CloudFront https://aws.amazon.com/cloudfront/faqs/

  • Can be used to deliver dynamic, static, streaming, and interactive content of a website using a global network of edge locations
  • Requests for content are automatically routed to nearest edge location for best possible performance
  • Is optimized to work with other AWS like S3, EC2, ELB & Route 53
  • Key Concepts:
    • 2 Distribution Types
      • Web Distributions
      • RTMP Distributions
    • Geo Restrictions (Geo Blocking)
      • Whitelist or Blacklist by country
      • Done by either API or console
      • Blacklisted viewer will see a HTTP 403 error
      • Can create custom error pages
    • Support for GET, HEAD, POST, PUT, PATCH, DELETE & OPTIONS
      • CloudFront doesn’t cache responses to POST, PUT, DELETE or PATCH requests – these requests are proxied back to the origin server
    • SSL configs – can use either HTTP or HTTPS with CloudFront. Can use either default CloudFront URL or a custom URL with your own certificate. If you go with custom URL:
      • Dedicated IP custom SSL:
        • Dedicated IP addresses to server your SSL content @ each CloudFront edge location.
        • Expensive
        • $600 per certificate per month per endpoint
        • Supports older browsers
      • SNI (Server Name Indication) Custom SSL:
        • Relies on SNI extension of Transport Layer Security protocol
        • Allows multiple domains to serve SSL traffic over same IP address by including the hostname browsers are trying to connect to
        • Does not support older browsers
    • Wildcard CNAME supported
      • Up to 100 CNAME aliases to each distribution
    • Invalidation
      • If you delete a file from your origin, it will be deleted from edge locations when that file reaches its expiration time (as defined in the objects HTTP header)
      • You can proactively remove ahead of expiration time using the Invalidation API to remove an object from all CloudFront edge locations
        • Use in the event of offensive or potentially harmful material
        • Call an invalidation request
        • You do get charged for it
    • Zone Apex Support
      • You can use CloudFront to deliver content from the root domain, or “zone apex” of your website.
      • For example, you can configure both http://www.example.com and http://example.com to point at the same CloudFront distribution, without the performance penalty or availability risk of managing a redirect service.
      • To use this feature, you create a
        Route 53 Alias record to map the root of your domain to your CloudFront distribution.
    • Edge caching – Dynamic Content Support
      • CloudFront supports delivery of dynamic content that is customized or personalized using HTTP cookies.
      • To use this feature, you specify whether you want Amazon CloudFront to forward some or all your cookies to your origin server.
      • CloudFront then considers the forwarded cookie values when identifying a unique object in its cache.
      • Get both the benefit of content that is personalized with a cookie and the performance benefits of CloudFront.
      • You can also optionally choose to log the cookie values in CloudFront access logs.

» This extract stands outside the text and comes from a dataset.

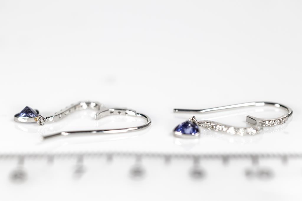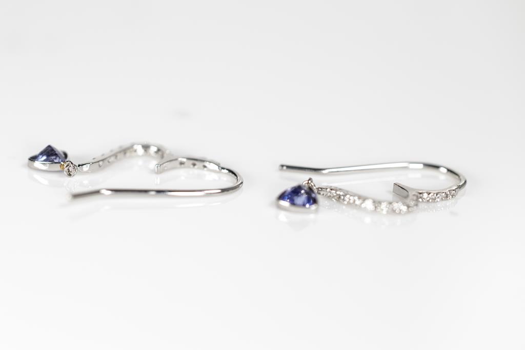 Tanzanite and Diamond earrings with triliant cut Tanzanites totalling 0.56cts and round Diamonds totalling 0.30cts (Estimated grading: I-K P1). Platinum. Weight: 1.9g. (Pre-owned)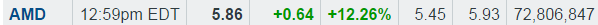 AMD making another run. If it breaks 5.85 that is being stubborn to take out it could near $6 Broke 5.85 as I was typing

ElastiCache https://aws.amazon.com/elasticache/faqs/

  • Memcached vs Redis http://docs.aws.amazon.com/AmazonElastiCache/latest/UserGuide/SelectEngine.Uses.html
  • https://d0.awsstatic.com/whitepapers/performance-at-scale-with-amazon-elasticache.pdf
  • Lazy Loading
    • App tries to get data from cache, if no data avail cache returns null.
    • App gets data from DB, app then updates cache
    • only requested data is in cache
    • node failures don’t matter as request simply goes back to DB again
  • Write Through
    • Cache is updated when data is written to DB (each write is 2 steps, 1 to DB, 1 to cache)
    • ensures data is never stale
    • good for apps that don’t have a lot of writes
    • infrequently accessed data gets stored in cache (bad)
    • if node is spinning up it could miss writing & cause missing data (bad)
  • Use Memcached if the following apply to your situation:
    • Does not manage it’s own persistence (relies on DB to have the most recent data)
    • Can be run in a cluster of nodes
    • Can’t backup clusters – goes back to DB to repopulate
    • You need the simplest model possible.
    • You need to run large nodes with multiple cores or threads (Multithreaded performance).
    • You need the ability to scale out/in, adding and removing nodes as demand on your system increases and decreases (Horizontal scaling).
    • You need to partition your data across multiple shards.
    • Can populate with both Lazy Loading and Write Through
    • great solution for storing “session” state, making web servers stateless which allows for easy scaling
  • Use Redis 2.8.x or Redis 3.2 (non-clustered mode) if the following apply to your situation:
    • You need complex data types, such as strings, hashes, lists, sets, sorted sets, and bitmaps.
    • You need to sort or rank in-memory data-sets.
    • You need persistence of your key store.
    • You need to replicate your data from the primary to one or more read replicas for read intensive applications.
    • You need automatic failover if your primary node fails (Multi-AZ).
    • You need publish and subscribe (pub/sub) capabilities—to inform clients about events on the server.
    • You need backup and restore capabilities.
    • You need to support multiple databases.
  • Use Redis 3.2 (clustered mode) if you require all the functionality of Redis 2.8.x with the following differences:
    • You need to partition your data across 2 to 15 node groups. (Cluster mode only.)
    • You need geospatial indexing. (clustered mode or non-clustered mode)
    • You do not need to support multiple databases.
    • Redis (cluster mode enabled) cluster mode has the following limitations:
      • No scale up to larger node types.
      • No changing the number of node groups (partitions).
      • No changing the number of replicas in a node group (partition).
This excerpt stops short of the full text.